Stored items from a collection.
*** Begin section ***

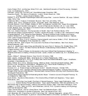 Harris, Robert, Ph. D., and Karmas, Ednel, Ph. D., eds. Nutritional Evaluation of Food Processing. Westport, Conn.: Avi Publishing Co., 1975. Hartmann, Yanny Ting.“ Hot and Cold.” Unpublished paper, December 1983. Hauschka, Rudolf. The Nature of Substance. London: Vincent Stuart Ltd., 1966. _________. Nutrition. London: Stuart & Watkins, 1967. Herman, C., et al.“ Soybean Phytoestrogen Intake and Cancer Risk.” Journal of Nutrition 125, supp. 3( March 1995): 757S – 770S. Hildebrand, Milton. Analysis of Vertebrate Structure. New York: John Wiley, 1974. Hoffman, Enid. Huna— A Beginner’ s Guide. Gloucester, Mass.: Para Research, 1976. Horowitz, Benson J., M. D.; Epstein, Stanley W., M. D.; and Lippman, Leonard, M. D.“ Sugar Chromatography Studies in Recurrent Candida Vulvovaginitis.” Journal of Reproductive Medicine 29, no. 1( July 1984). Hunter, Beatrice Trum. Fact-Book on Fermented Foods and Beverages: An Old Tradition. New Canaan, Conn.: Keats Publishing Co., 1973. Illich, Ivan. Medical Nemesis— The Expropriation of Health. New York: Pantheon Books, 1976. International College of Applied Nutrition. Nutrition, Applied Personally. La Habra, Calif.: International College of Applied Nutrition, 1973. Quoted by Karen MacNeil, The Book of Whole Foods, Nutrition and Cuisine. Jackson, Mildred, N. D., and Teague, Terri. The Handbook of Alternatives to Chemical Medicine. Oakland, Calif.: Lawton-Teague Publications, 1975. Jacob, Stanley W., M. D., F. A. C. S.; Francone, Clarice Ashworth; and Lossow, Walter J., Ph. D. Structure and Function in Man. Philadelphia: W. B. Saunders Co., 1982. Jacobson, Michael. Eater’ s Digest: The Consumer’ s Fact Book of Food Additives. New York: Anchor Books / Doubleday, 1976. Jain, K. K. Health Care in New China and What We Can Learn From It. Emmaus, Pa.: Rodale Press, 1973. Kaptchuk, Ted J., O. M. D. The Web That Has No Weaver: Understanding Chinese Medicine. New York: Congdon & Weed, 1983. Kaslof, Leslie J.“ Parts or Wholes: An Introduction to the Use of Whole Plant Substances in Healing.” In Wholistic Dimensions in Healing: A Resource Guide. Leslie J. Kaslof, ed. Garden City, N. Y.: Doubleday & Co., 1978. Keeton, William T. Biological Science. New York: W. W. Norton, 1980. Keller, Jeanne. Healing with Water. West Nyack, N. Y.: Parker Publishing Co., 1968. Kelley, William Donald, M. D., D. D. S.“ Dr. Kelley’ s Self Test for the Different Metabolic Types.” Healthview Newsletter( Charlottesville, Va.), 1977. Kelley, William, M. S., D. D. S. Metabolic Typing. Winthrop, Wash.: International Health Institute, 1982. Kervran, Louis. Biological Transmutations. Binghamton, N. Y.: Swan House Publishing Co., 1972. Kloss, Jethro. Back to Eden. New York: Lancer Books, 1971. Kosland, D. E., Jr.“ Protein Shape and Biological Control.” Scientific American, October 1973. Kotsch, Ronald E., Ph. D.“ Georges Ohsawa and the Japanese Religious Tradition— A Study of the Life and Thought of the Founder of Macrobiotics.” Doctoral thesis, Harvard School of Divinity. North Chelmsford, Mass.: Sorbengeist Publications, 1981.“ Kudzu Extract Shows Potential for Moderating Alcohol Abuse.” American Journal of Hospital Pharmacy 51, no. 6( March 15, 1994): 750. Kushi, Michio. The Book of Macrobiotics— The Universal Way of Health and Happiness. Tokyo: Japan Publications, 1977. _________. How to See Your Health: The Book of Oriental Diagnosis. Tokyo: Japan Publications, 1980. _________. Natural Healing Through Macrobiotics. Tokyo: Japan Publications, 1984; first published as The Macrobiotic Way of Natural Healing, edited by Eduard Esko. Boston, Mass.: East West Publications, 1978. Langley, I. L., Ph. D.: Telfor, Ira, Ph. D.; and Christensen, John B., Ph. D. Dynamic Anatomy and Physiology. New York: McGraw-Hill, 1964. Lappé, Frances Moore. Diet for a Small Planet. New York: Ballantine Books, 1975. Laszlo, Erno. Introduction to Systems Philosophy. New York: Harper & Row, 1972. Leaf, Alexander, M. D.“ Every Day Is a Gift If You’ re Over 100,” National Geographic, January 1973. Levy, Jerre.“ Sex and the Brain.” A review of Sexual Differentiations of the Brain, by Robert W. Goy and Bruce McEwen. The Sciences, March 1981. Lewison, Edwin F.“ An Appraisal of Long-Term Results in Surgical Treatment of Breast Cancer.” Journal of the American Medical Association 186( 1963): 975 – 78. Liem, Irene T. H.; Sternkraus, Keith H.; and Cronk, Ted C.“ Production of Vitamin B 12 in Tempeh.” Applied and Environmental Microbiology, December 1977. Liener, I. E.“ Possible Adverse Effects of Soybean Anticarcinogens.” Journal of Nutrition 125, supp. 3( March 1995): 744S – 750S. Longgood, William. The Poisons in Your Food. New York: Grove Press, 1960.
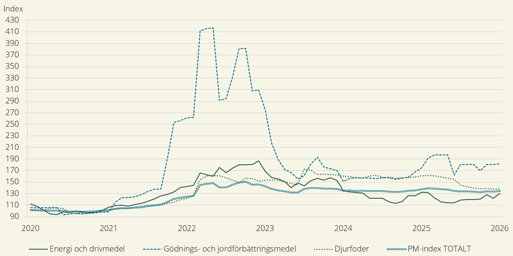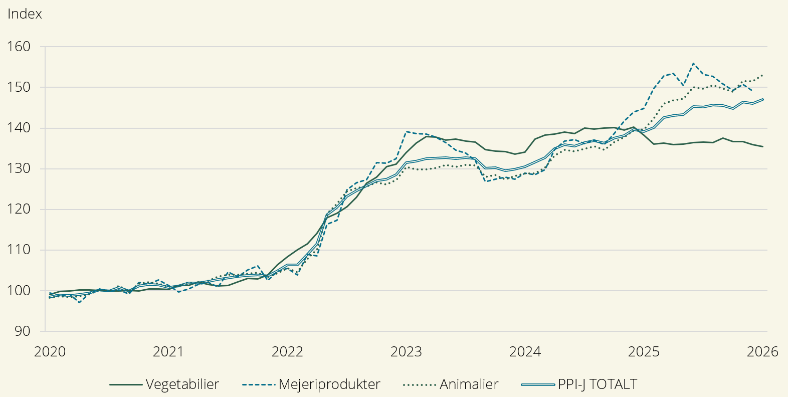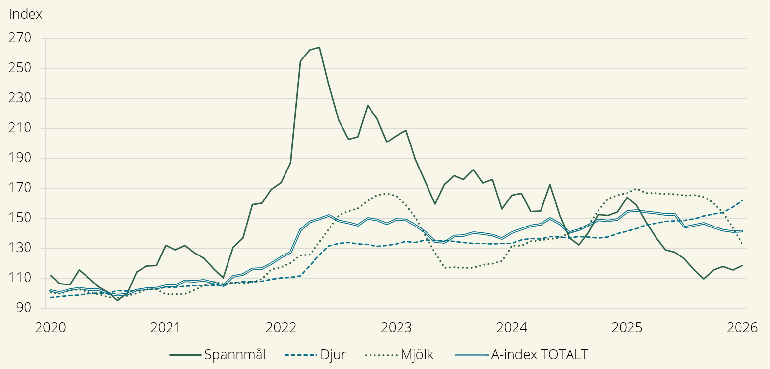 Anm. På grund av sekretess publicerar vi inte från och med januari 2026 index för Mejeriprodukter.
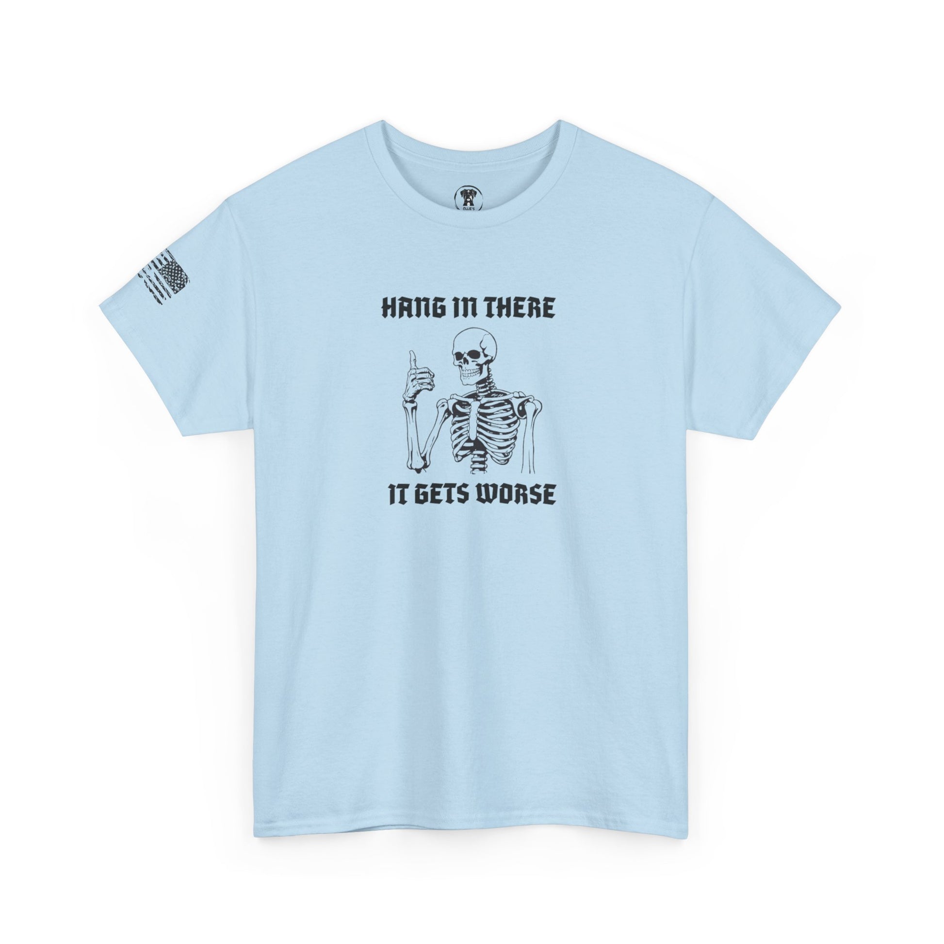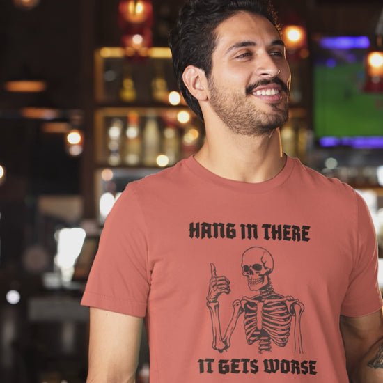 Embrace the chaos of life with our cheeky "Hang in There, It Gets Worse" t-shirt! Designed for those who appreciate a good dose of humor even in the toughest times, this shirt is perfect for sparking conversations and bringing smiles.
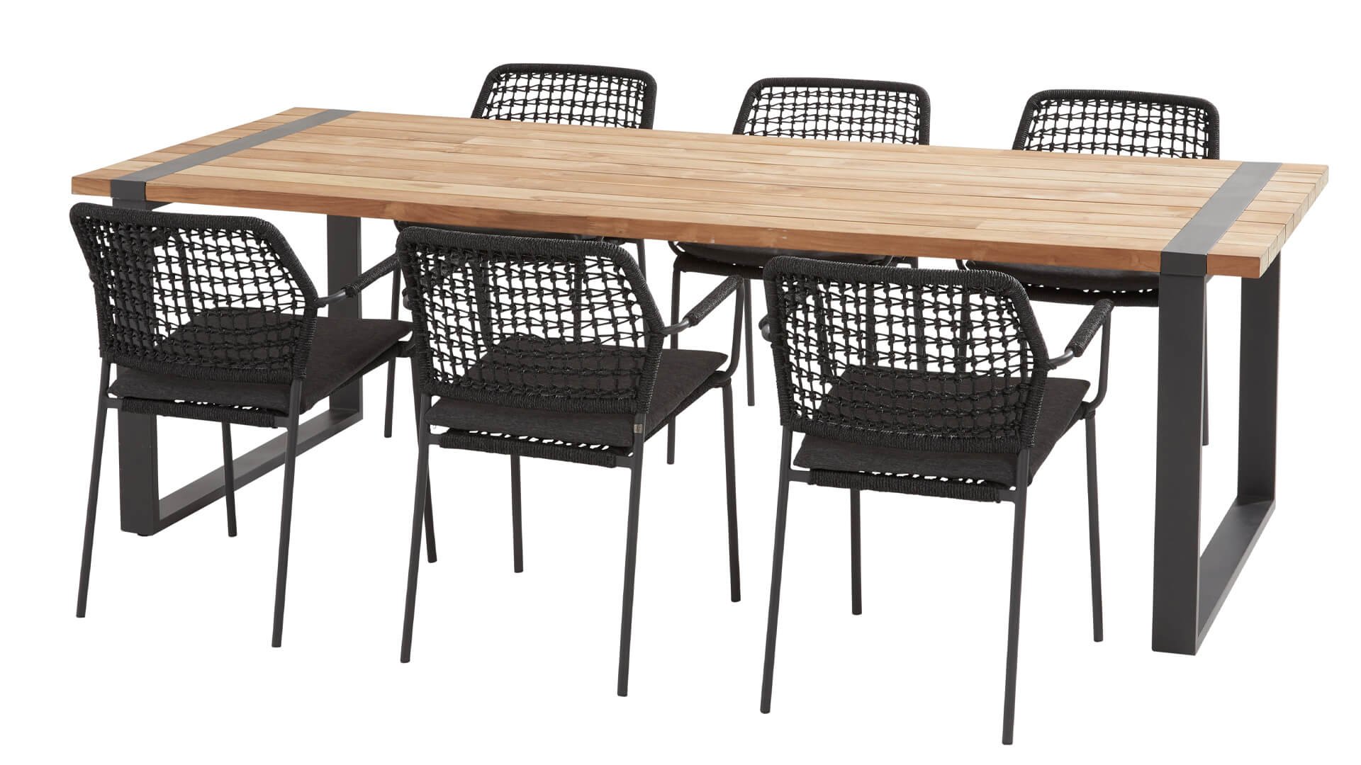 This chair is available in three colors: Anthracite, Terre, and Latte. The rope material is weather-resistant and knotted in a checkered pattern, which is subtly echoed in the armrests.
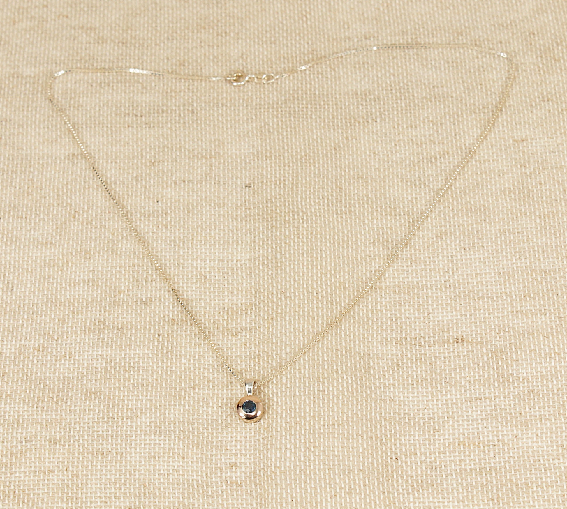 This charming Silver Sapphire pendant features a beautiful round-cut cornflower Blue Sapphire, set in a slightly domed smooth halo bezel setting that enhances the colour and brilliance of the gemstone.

*** End section ***

TASK PROMPT. Each line from the one with "Embrace the chaos" through the end of the entries should be reproduced exactly. Leave out the pictures.

WORKED SOLUTION.
 Embrace the chaos of life with our cheeky "Hang in There, It Gets Worse" t-shirt! Designed for those who appreciate a good dose of humor even in the toughest times, this shirt is perfect for sparking conversations and bringing smiles.
 This chair is available in three colors: Anthracite, Terre, and Latte. The rope material is weather-resistant and knotted in a checkered pattern, which is subtly echoed in the armrests.
 This charming Silver Sapphire pendant features a beautiful round-cut cornflower Blue Sapphire, set in a slightly domed smooth halo bezel setting that enhances the colour and brilliance of the gemstone.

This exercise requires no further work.